■ Supplied material
__________________________________________________

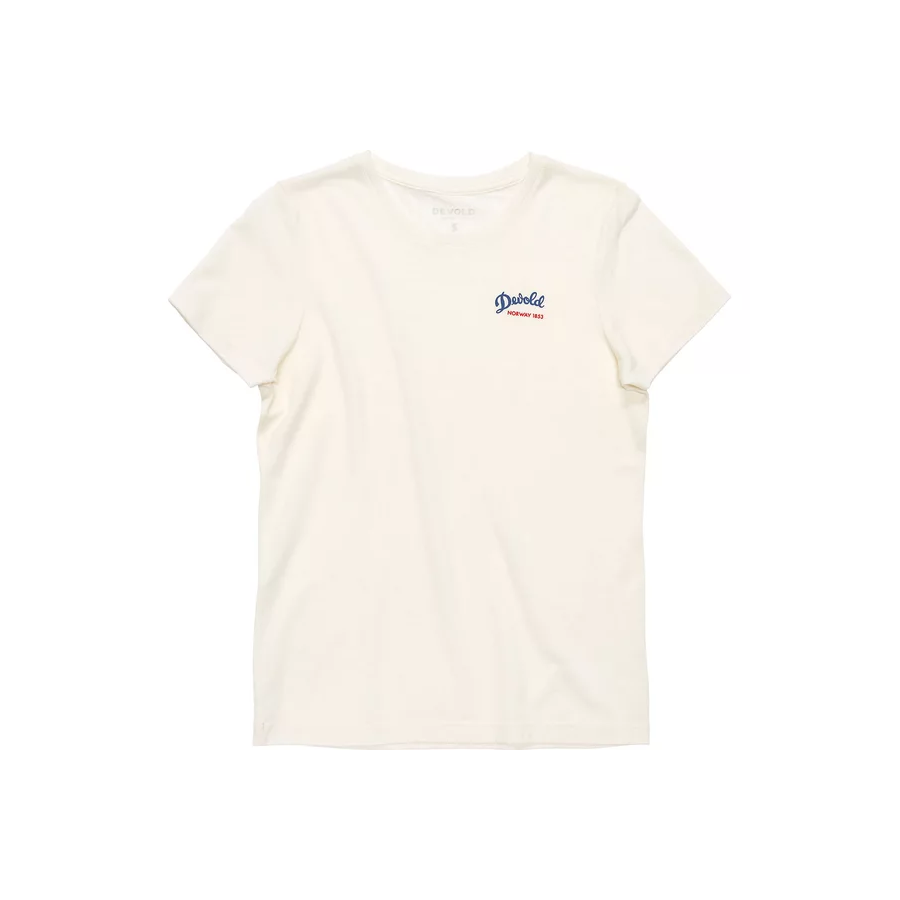 Alliez confort premium et style minimaliste avec le t-shirt femme Devold en laine mérinos “Classic Script” – White.
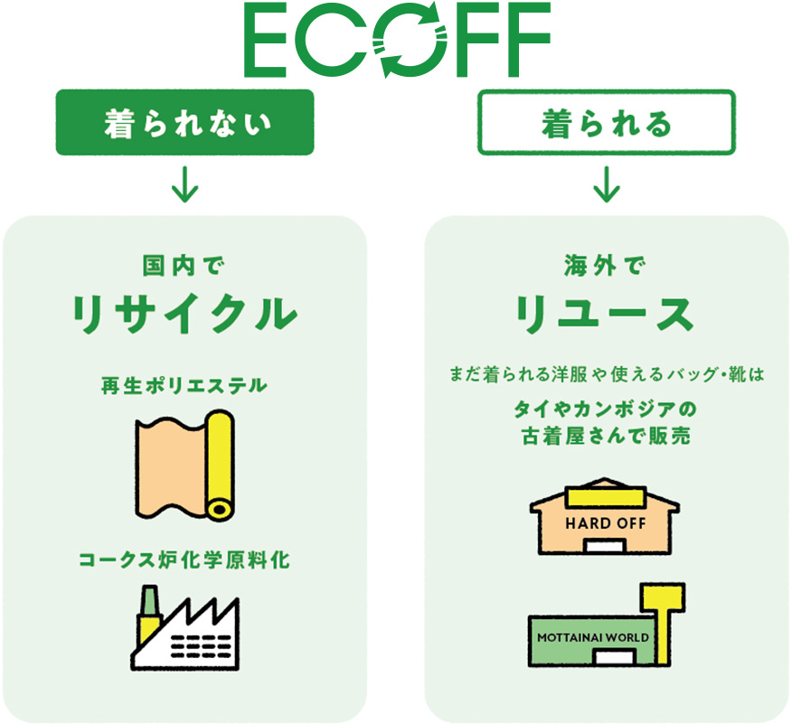 2024年度には環境省が選定する環境配慮行動普及促進事業費補助金及び二酸化炭素排出抑制対策事業費等補助金(「デコ活」(脱炭素につながる新しい豊かな暮らしを創る国民運動)推進事業)に採択され衣類循環アップサイクルプロジェクト「roop」を実施し、2025年度もプロジェクトを継続して実施いたします。
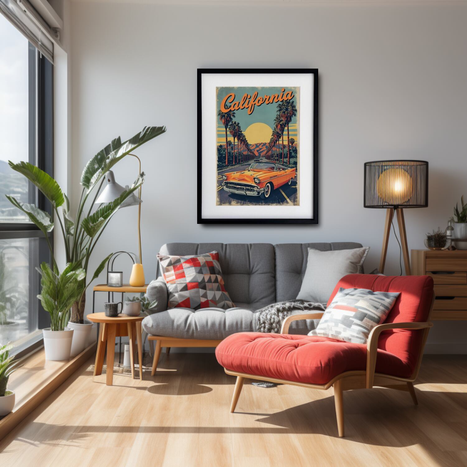 California Dreamin’|カリフォルニアの陽光とクラシックカーが描く自由のアートポスター|レトロモダンな空間を彩るインテリアA4ポスター
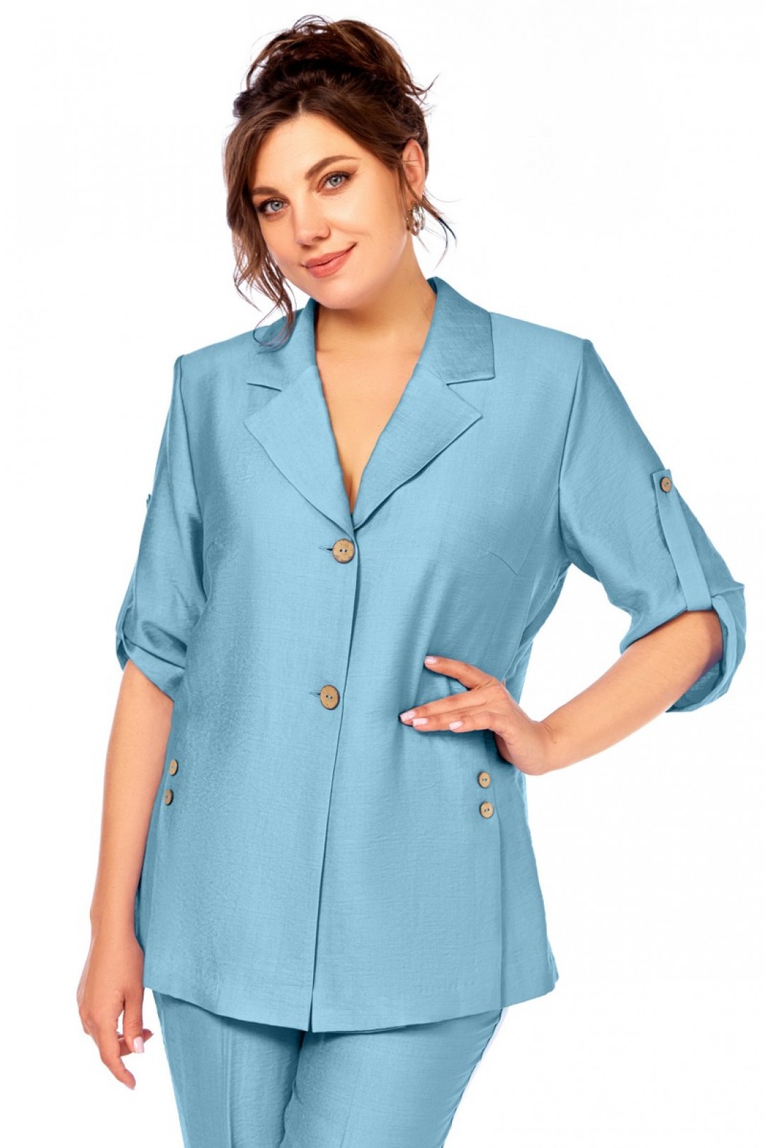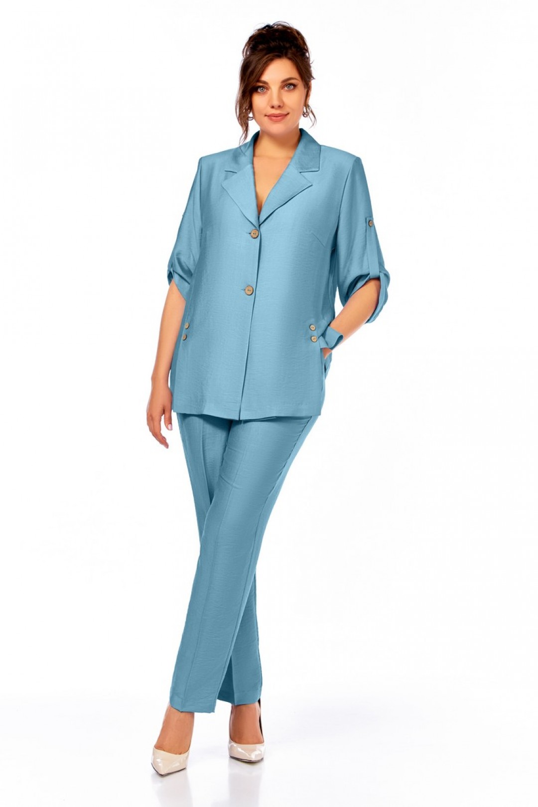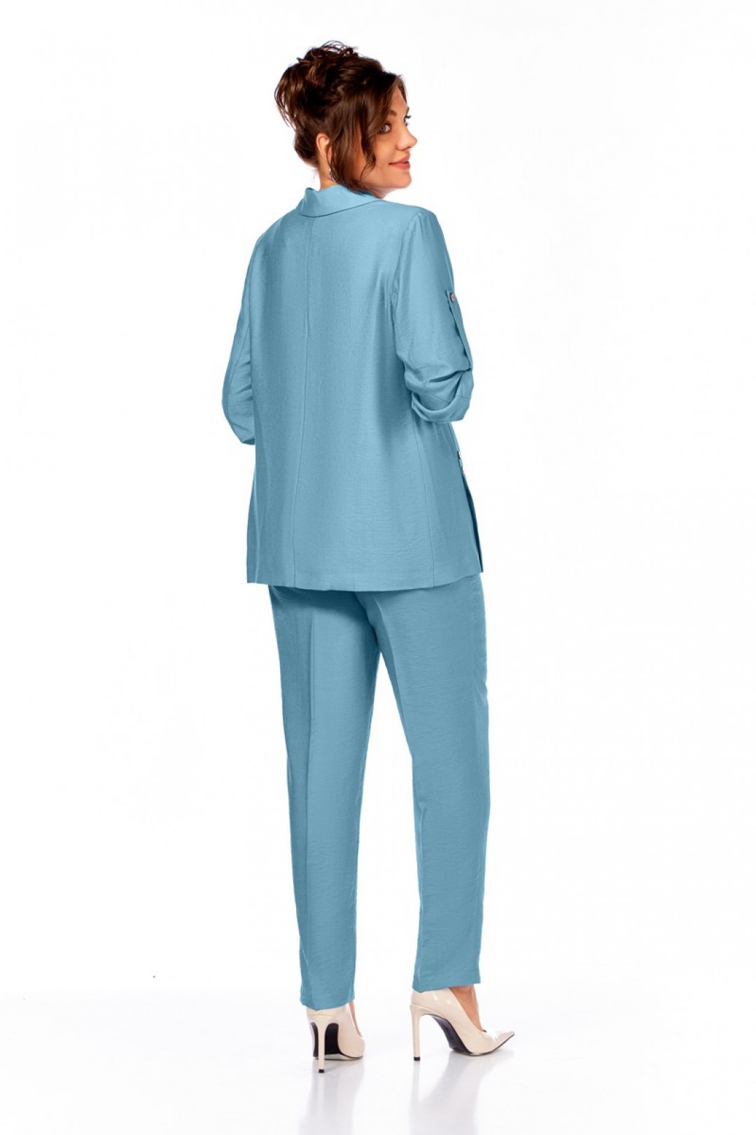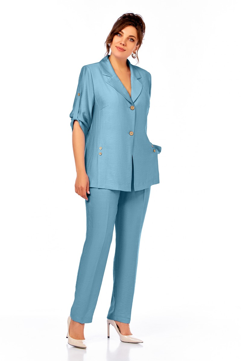 Жакет полуприлегающего силуэта, с пиджачным воротником, застежка на две пуговицы. На полочке шлицы с декоративными шлицами. Спинка со средним швом. Рукав втачной, длиной три четверти, регулируется патой. Брюки прямые, пояс на резинке, карманы в боковых швах.

__________________________________________________

■ Your assignment
Copy every line of the data word for word, omitting the images.

■ Solution to this exercise
 Alliez confort premium et style minimaliste avec le t-shirt femme Devold en laine mérinos “Classic Script” – White.
 2024年度には環境省が選定する環境配慮行動普及促進事業費補助金及び二酸化炭素排出抑制対策事業費等補助金(「デコ活」(脱炭素につながる新しい豊かな暮らしを創る国民運動)推進事業)に採択され衣類循環アップサイクルプロジェクト「roop」を実施し、2025年度もプロジェクトを継続して実施いたします。
 California Dreamin’|カリフォルニアの陽光とクラシックカーが描く自由のアートポスター|レトロモダンな空間を彩るインテリアA4ポスター
 Жакет полуприлегающего силуэта, с пиджачным воротником, застежка на две пуговицы. На полочке шлицы с декоративными шлицами. Спинка со средним швом. Рукав втачной, длиной три четверти, регулируется патой. Брюки прямые, пояс на резинке, карманы в боковых швах.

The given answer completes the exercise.